## EXERCISE PROMPT
Give the lines of the material verbatim, from the first line to the line with "過程中,代表官方的丞相、御史", including both.

***** DATASET CONTENT *****

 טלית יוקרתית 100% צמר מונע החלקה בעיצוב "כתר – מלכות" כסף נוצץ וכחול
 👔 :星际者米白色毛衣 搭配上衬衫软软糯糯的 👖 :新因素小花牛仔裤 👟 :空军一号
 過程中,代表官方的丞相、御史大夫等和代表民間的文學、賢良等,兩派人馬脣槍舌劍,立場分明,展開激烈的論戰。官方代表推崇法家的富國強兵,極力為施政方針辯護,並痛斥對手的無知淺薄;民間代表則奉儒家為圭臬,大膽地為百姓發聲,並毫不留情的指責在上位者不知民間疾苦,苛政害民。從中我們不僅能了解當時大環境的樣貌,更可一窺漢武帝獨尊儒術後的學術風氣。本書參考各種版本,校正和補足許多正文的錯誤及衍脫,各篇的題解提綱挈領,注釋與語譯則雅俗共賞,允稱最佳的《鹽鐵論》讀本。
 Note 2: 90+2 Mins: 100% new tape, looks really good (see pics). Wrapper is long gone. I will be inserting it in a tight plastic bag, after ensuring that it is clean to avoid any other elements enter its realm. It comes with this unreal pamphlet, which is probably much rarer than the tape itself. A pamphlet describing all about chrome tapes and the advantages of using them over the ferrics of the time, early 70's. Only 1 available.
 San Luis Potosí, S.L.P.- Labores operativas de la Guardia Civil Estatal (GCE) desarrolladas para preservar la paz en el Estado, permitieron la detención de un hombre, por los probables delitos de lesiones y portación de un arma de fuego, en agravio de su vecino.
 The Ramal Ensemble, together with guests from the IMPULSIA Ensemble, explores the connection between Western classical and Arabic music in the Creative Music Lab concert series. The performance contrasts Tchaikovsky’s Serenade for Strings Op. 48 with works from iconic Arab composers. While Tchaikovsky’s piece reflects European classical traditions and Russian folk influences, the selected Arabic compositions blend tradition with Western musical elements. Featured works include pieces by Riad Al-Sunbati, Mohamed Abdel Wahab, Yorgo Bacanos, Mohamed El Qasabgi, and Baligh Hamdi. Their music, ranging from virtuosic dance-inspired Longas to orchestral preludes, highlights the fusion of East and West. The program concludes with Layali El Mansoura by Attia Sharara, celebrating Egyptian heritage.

*****

## SOLUTION TO THE PROBLEM
 טלית יוקרתית 100% צמר מונע החלקה בעיצוב "כתר – מלכות" כסף נוצץ וכחול
 👔 :星际者米白色毛衣 搭配上衬衫软软糯糯的 👖 :新因素小花牛仔裤 👟 :空军一号
 過程中,代表官方的丞相、御史大夫等和代表民間的文學、賢良等,兩派人馬脣槍舌劍,立場分明,展開激烈的論戰。官方代表推崇法家的富國強兵,極力為施政方針辯護,並痛斥對手的無知淺薄;民間代表則奉儒家為圭臬,大膽地為百姓發聲,並毫不留情的指責在上位者不知民間疾苦,苛政害民。從中我們不僅能了解當時大環境的樣貌,更可一窺漢武帝獨尊儒術後的學術風氣。本書參考各種版本,校正和補足許多正文的錯誤及衍脫,各篇的題解提綱挈領,注釋與語譯則雅俗共賞,允稱最佳的《鹽鐵論》讀本。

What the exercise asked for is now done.